Freebase aims to be the Wikipedia for data. So naturally OpenBusiness was interested. Also their business model seems cool. They say they will make money through an through an API program. Depending on the commercial vs. non-commercial nature, and extent of services required by a developer, they will charge fees. How this all works, why they use Creative Commons and what they think about OpenAPI’s read below:

1. Why did you start Freebase?

Freebase’s goal is to be a database of the world’s knowledge. As a single unified database, Freebase will prove to be far more powerful than the sum of its data sources, as it connects people to films, films to places, places to science, science to schools, schools to sports and so on…

As a database, it lets people ask complex and extemporaneous questions like, “Find me child-friendly dentists within 10 miles of my home,” or “Give me photographs of John F. Kennedy in Europe prior to 1962,” or even “Find me all of the Venture Capitalists in Silicon Valley who share a board membership and went to college together.”

Up until a few years ago it was almost impossible to build a database like this. After several years of work, we’re now past the main technical hurdles to making such as system function at a worldwide scale.

Even more than the technology, the bigger question for us was where all of this the data would come from. The internet has many thousands of significant databases, but most are hidden within websites or have restrictive licenses so that the data is locked up. Fortunately, there are several hundred significant open databases that are in machine readable form, and we have begun to import these.
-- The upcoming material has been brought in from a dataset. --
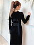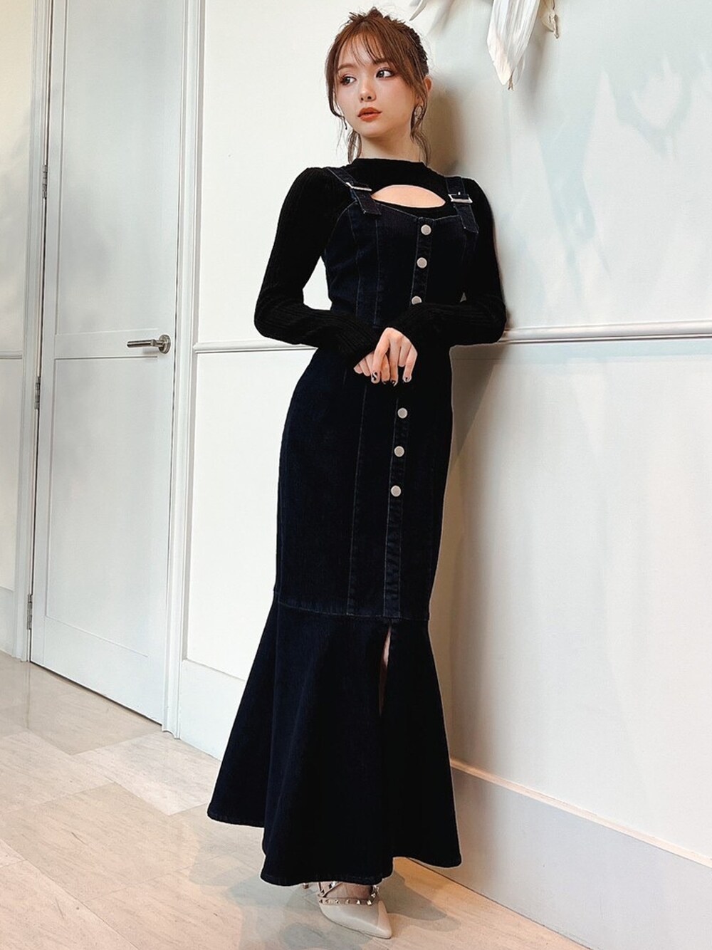 肌見せが少な目なロング丈に、あえてバスト切り替えデザインのトップスを合わせてちょうど良い肌魅せコーディネートに♪ バックスタイルのデザインもポイントなので、アップヘアーですっきりとまとめるのがおすすめです!

But most importantly, there are now many examples of sites where people are eager to build collective knowledge. Wikipedia is the best example of this, but there are countless other sites built from user contributions, the biggest being IMDb (which has since become a closed model) and Musicbrainz, a music database which in many ways surpasses commercial alternatives. It’s this phenomenon that makes us believe that a large database can actually be built.

2. It says on the website that you aim to be a ‘Wikipedia for data’. Does that mean you are looking for user generated data?

We’re getting data from many places. Currently we have a team combining data about geography, government, school, business, restaurants, and products, as well as Wikipedia itself, which has data in a semi-structured form. We are refining and reconciling these sources into a highly connected superset.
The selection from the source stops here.